Twenty-One Cardinals begins on a jaunty note: Our narrator, nicknamed the Caboose because he's the last of 21 children sired by Albert Cardinal, boasts of his rough-and-tumble childhood in the first family of Norco, a once-prosperous zinc-mining town in northern Quebec. The occasion for the Caboose's excitement: The Cardinals, all of them, gather for the first time in 30 years to witness Albert receiving an award. What the Caboose misses in his enthusiasm is his older siblings' anxiety. One Cardinal, Angèle, is missing.

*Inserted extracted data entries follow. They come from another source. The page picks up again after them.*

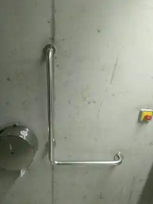 A wall-mounted grab rail in a vertical position (or which has a vertical part). | |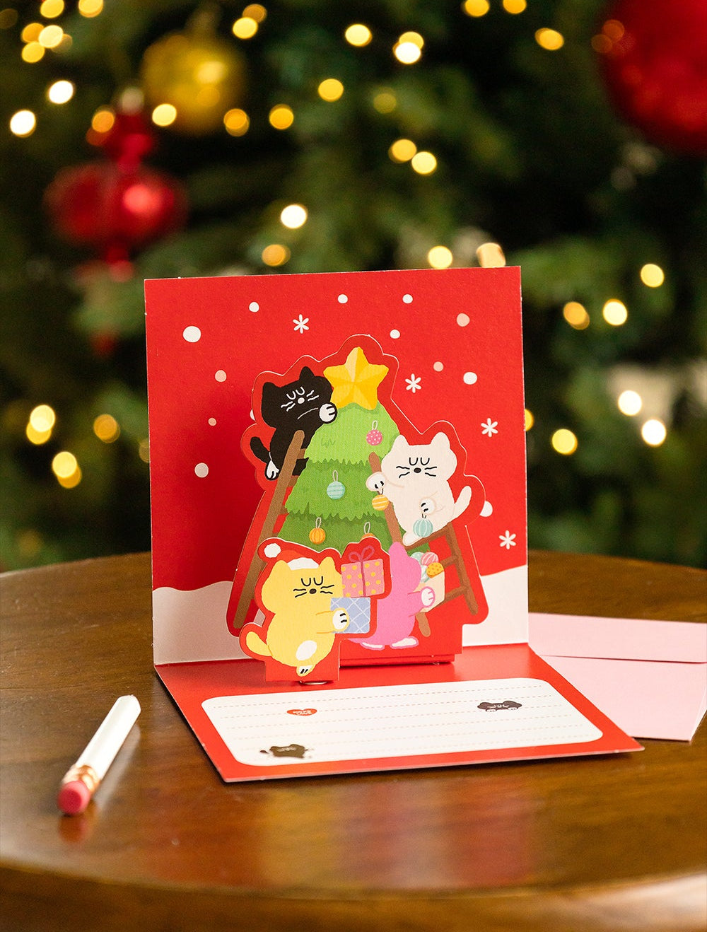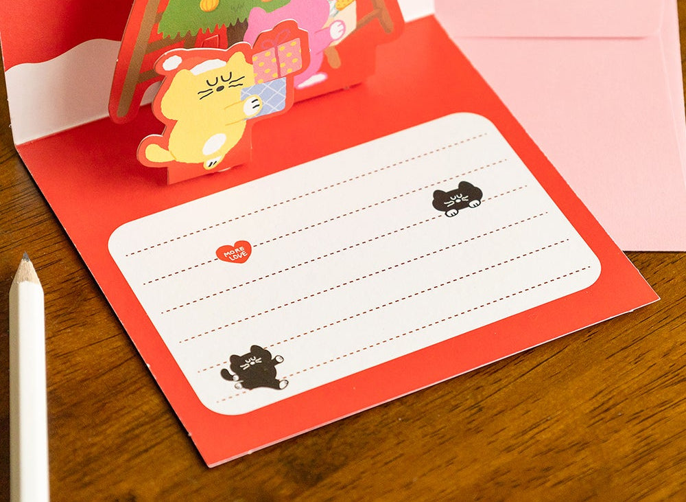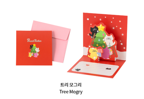 Bring instant holiday cheer with the Tree Mogry Pop-Up Card. When opened, a charming Mogry character pops out from a festive Christmas tree scene, creating a delightful 3D surprise. Bright, playful, and full of personality, this card is perfect for spreading warm wishes during the holidays or adding a cute twist to any seasonal message.
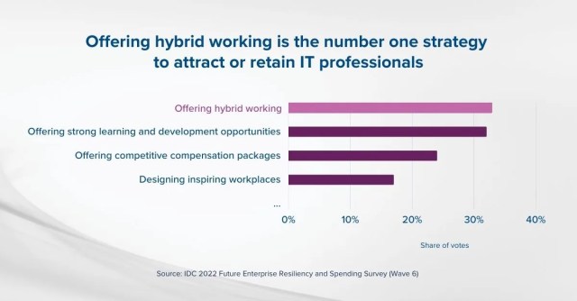 Job seekers increasingly prefer companies that enable them to work from home on a regular basis. Many employers have supported this preference to avoid losing applicants. IDC’s 2022 Future Enterprise Resiliency and Spending Survey (Wave 6) offers confirmation: One-third of respondents cited offering a hybrid working opportunity as their top strategy for attracting and retaining IT professionals.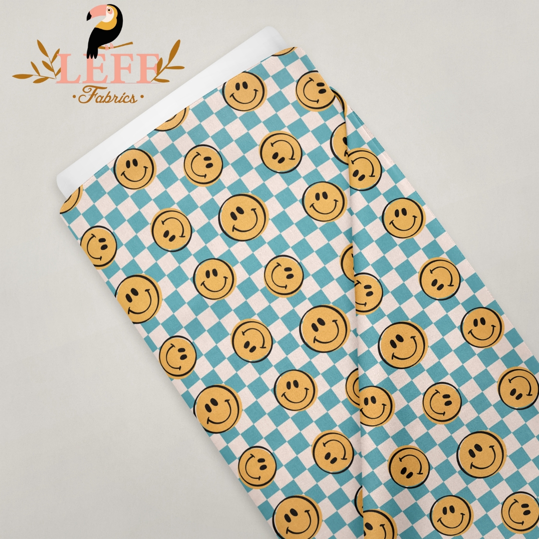 Deze jersey stof met smileys op blokjes is dé perfecte mix van speels en cool! De combinatie van grafische blokjes met vrolijke smiley’s geeft deze stof een eigentijdse, positieve uitstraling die meteen een glimlach op je gezicht tovert. Ideaal voor kids én volwassenen die van een vrolijke, beetje funky stijl houden.
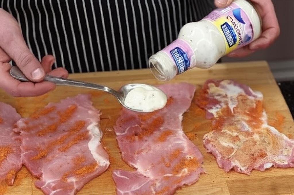 Kotlety rozbij na cienko, posyp przyprawą Knorr i pokryj z jednej strony sosem Hellmann's Czosnkowym. Dodaj majeranku.
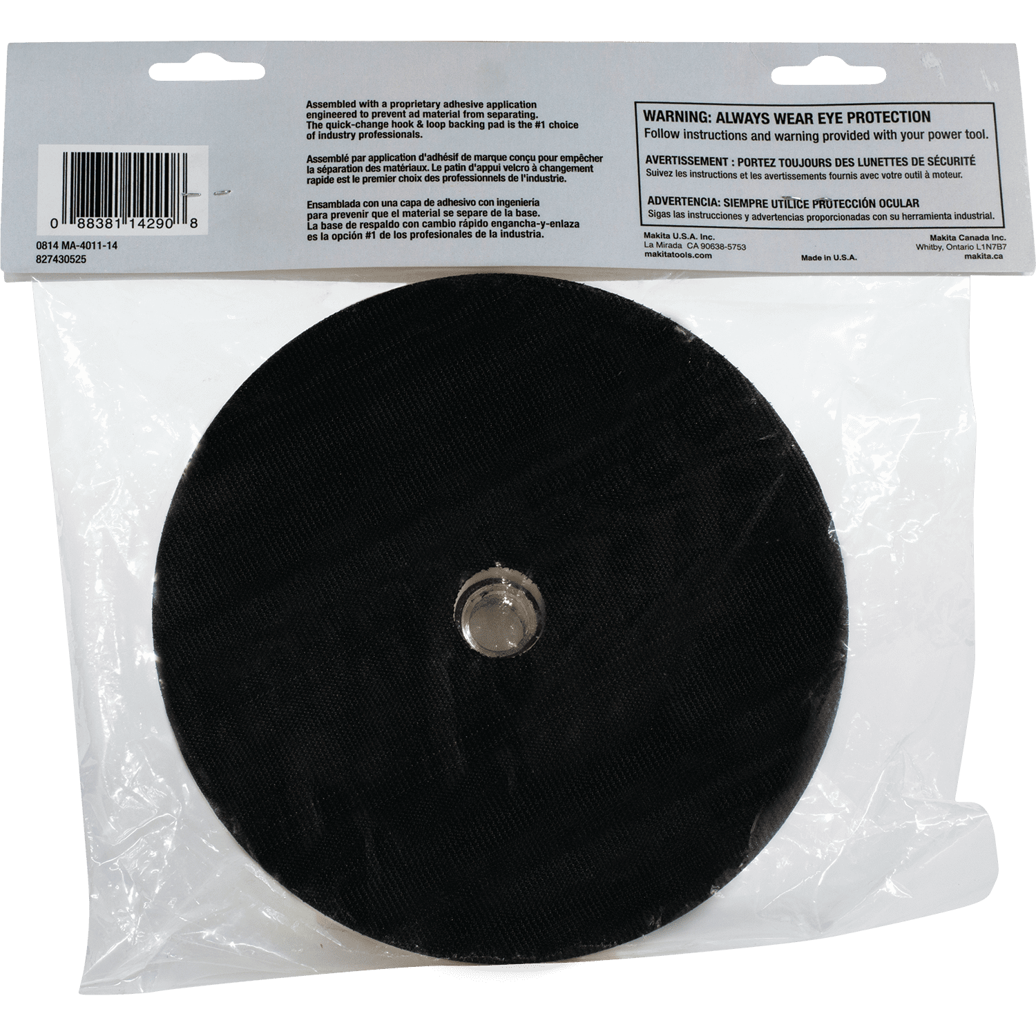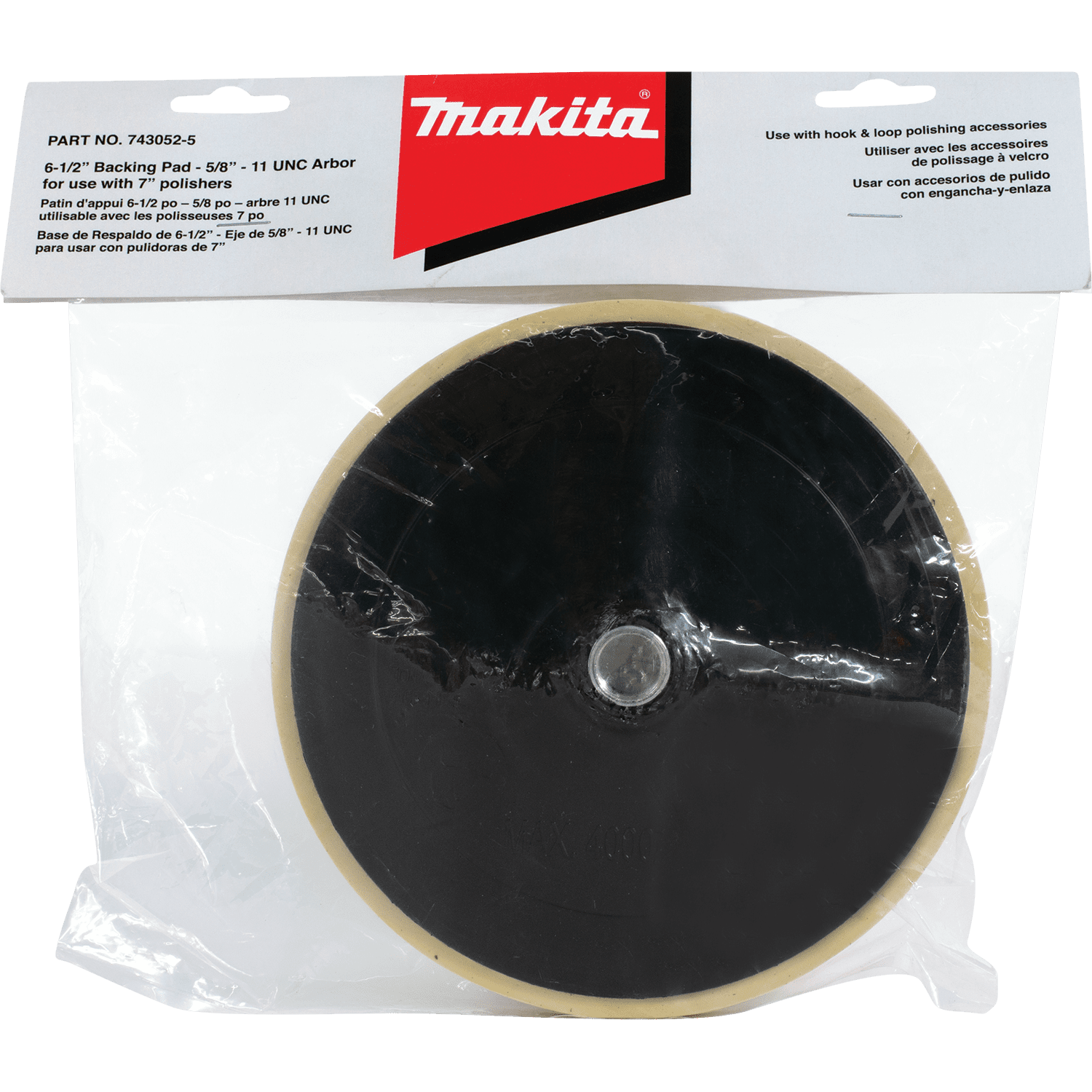 The Makita Hook & Loop Backing Pad can be used on 7" Sander and Polishers that have a 5/8'-11 UNC arbor. It is designed for quick and easy pad changes. The Backing Pad can be used with different types of polishing and compounding pads that use the hook and loop backing pad system. 4,000 maximum RPM Hook and loop design for quick accessory changes. 5/8-11 UNC spindle for fast installation and removal. 4,000 max RPM. Durable construction for long life. For use with hook & loop polishing accessories designed for 7" sanders and polishers. For use with Makita 7" Sanders and Polishers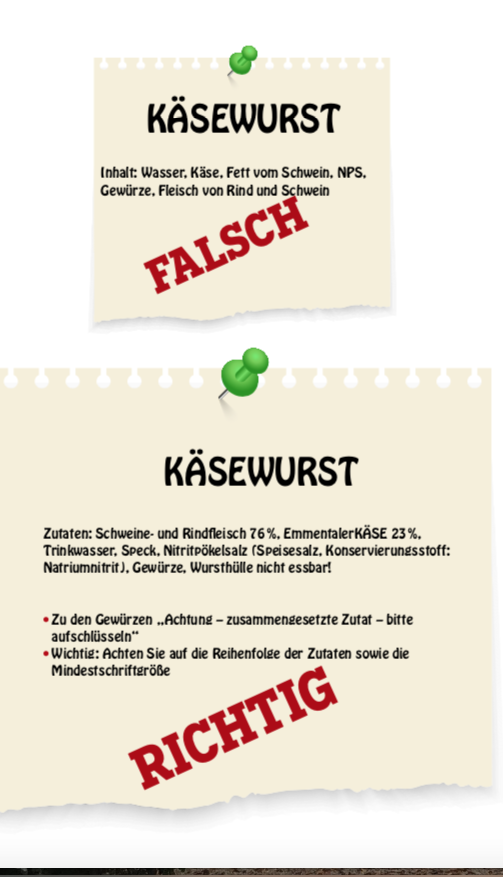 • Zusammengesetzte Zutaten sind aufzuschlüsseln – ein prominentes Beispiel aus der Fleischbranche ist Nitritpökelsalz – richtig lautet die Kennzeichnung: Nitritpökelsalz (Speisesalz, Konservierungsstoff: Natriumnitrit). Achtung: Das gilt auch für Gewürzmischungen! Erleichterungen gibt es für „nur Gewürze“ oder „nur Kräuter“.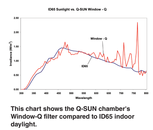 ICH指南沒有規(guī)定光譜是否應(yīng)與D65或ID65匹配。通常,ID65光譜是用Q-SUN中的WINDOUS-Q 濾光片模擬的,因為它模擬了進(jìn)入建筑物內(nèi)部的陽光。然而,日光濾光片適用于室外應(yīng)用,如染發(fā)劑和防曬霜。

From here the story delves into shadow as it passes from brother to sister to twin, each drawing closer to the mystery of Angèle's absence. This is the second novel by Jocelyne Saucier, author of 2015 Canada Reads finalist And the Birds Rained Down. Its original title translates as "heirs of the mine": Twenty-One Cardinals is an ominous, brooding novel about familial love and the price of that inheritance.

The Thought House of Philippa
By Suzanne Leblanc, translated by Oana Avasilichioaei & Ingrid Pam Dick, BookThug, 120 pages, $18

The Thought House of Philippa is fiction by topical mnemonics: It uses that ancient memorization technique of ordering memories by location in an imagined thought place. In Suzanne Lebanc's novel that thought place is Haus Wittgenstein, the house the philosopher designed for his sister. The recollections are those of Philippa as she considers her development as a capital-I Individual in the Great World, each chapter corresponding to a room in the thought house. Philippa emulates Wittgenstein not only in method but also in style: "I would not be less abstract than the discourse of the philosopher whose work had convinced me." The prose is indeed abstract – it reads more like a philosophical treatise than fiction – which should be a warning for some readers and bait for others. Leblanc demands deep engagement but rewards in pure, surprisingly sensual, thought. A dense novel that challenges notions of what a novel can be.